● Activity: Quote all of the data that follows exactly as written, skipping the images.

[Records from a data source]
== Segment start ==

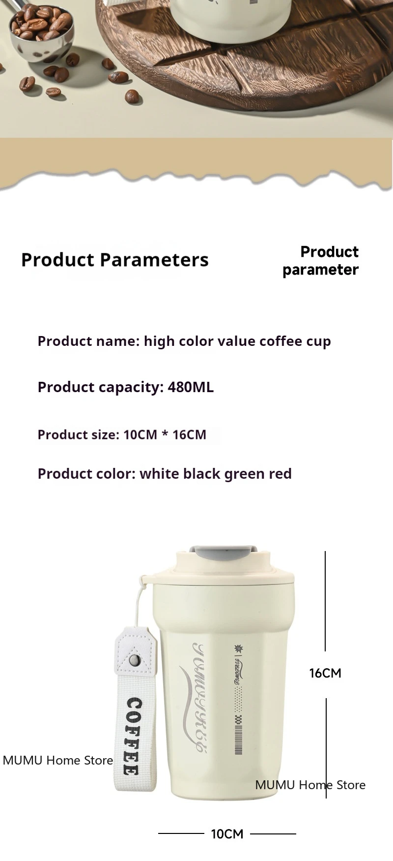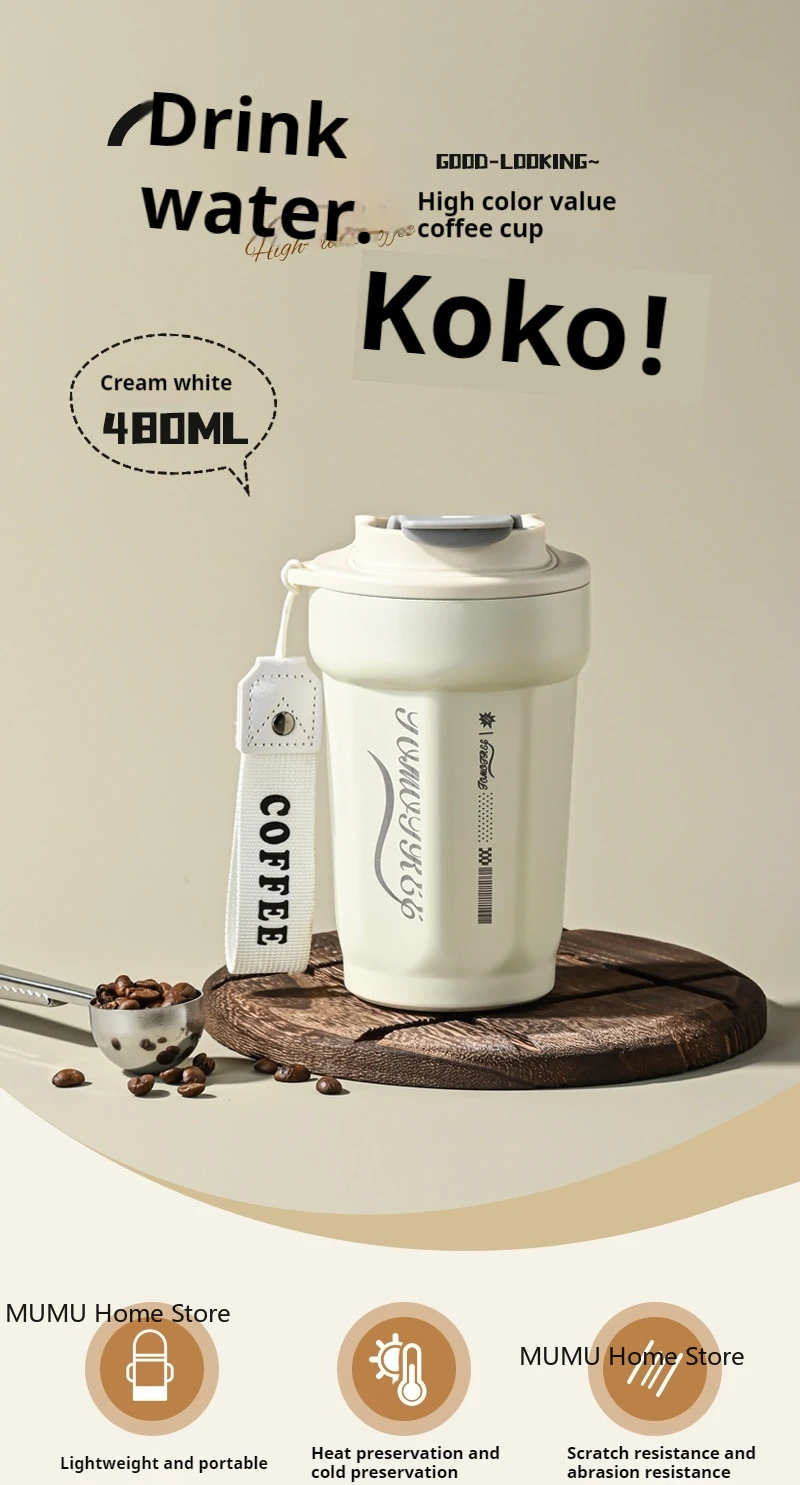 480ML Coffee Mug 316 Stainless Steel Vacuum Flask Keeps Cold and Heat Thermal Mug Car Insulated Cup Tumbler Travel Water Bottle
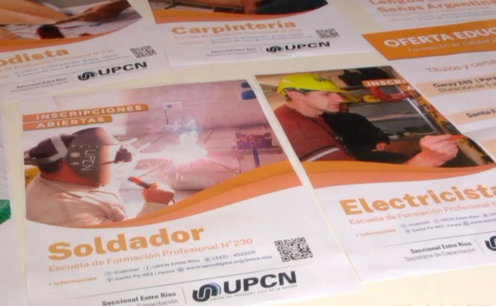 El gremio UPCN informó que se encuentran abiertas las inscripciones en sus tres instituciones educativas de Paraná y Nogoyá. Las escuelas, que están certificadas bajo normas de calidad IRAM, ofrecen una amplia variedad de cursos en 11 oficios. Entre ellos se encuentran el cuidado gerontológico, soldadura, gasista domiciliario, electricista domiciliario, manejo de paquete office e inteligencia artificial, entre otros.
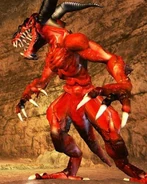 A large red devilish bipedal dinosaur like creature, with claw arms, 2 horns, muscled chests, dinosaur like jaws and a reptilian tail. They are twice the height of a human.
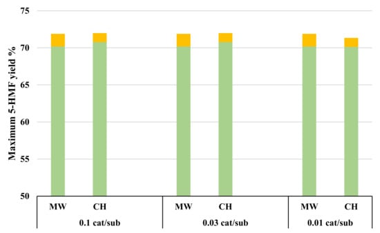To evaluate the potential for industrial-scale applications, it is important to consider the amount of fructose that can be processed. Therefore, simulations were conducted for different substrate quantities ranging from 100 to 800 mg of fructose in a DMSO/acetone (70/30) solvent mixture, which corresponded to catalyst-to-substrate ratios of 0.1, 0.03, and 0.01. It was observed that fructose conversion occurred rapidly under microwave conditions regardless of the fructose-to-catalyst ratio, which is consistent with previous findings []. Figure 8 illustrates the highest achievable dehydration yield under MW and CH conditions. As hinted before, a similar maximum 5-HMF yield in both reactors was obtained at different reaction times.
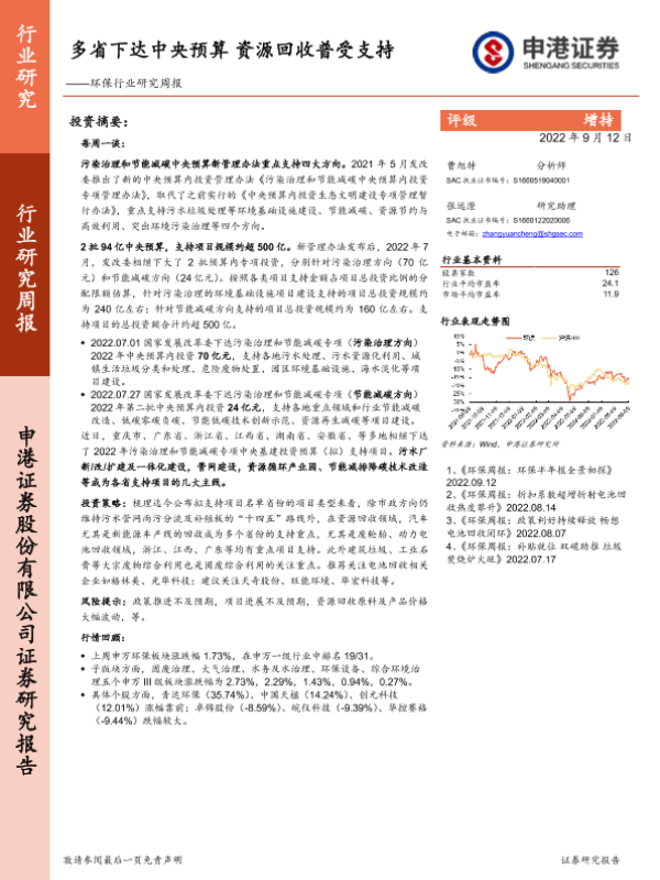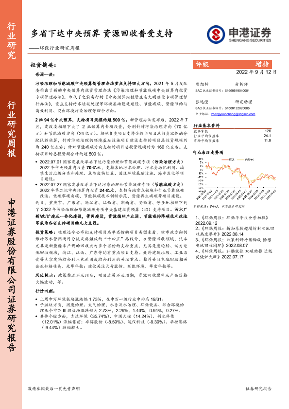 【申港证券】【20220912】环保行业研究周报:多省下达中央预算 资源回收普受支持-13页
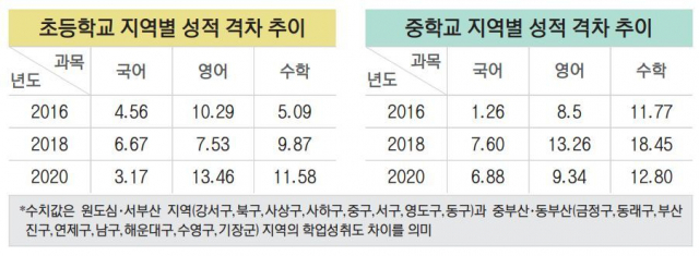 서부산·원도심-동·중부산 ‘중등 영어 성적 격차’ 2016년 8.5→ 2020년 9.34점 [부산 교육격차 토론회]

== Segment end ==

● Solution to this problem:
 480ML Coffee Mug 316 Stainless Steel Vacuum Flask Keeps Cold and Heat Thermal Mug Car Insulated Cup Tumbler Travel Water Bottle
 El gremio UPCN informó que se encuentran abiertas las inscripciones en sus tres instituciones educativas de Paraná y Nogoyá. Las escuelas, que están certificadas bajo normas de calidad IRAM, ofrecen una amplia variedad de cursos en 11 oficios. Entre ellos se encuentran el cuidado gerontológico, soldadura, gasista domiciliario, electricista domiciliario, manejo de paquete office e inteligencia artificial, entre otros.
 A large red devilish bipedal dinosaur like creature, with claw arms, 2 horns, muscled chests, dinosaur like jaws and a reptilian tail. They are twice the height of a human.
To evaluate the potential for industrial-scale applications, it is important to consider the amount of fructose that can be processed. Therefore, simulations were conducted for different substrate quantities ranging from 100 to 800 mg of fructose in a DMSO/acetone (70/30) solvent mixture, which corresponded to catalyst-to-substrate ratios of 0.1, 0.03, and 0.01. It was observed that fructose conversion occurred rapidly under microwave conditions regardless of the fructose-to-catalyst ratio, which is consistent with previous findings []. Figure 8 illustrates the highest achievable dehydration yield under MW and CH conditions. As hinted before, a similar maximum 5-HMF yield in both reactors was obtained at different reaction times.
 【申港证券】【20220912】环保行业研究周报:多省下达中央预算 资源回收普受支持-13页
 서부산·원도심-동·중부산 ‘중등 영어 성적 격차’ 2016년 8.5→ 2020년 9.34점 [부산 교육격차 토론회]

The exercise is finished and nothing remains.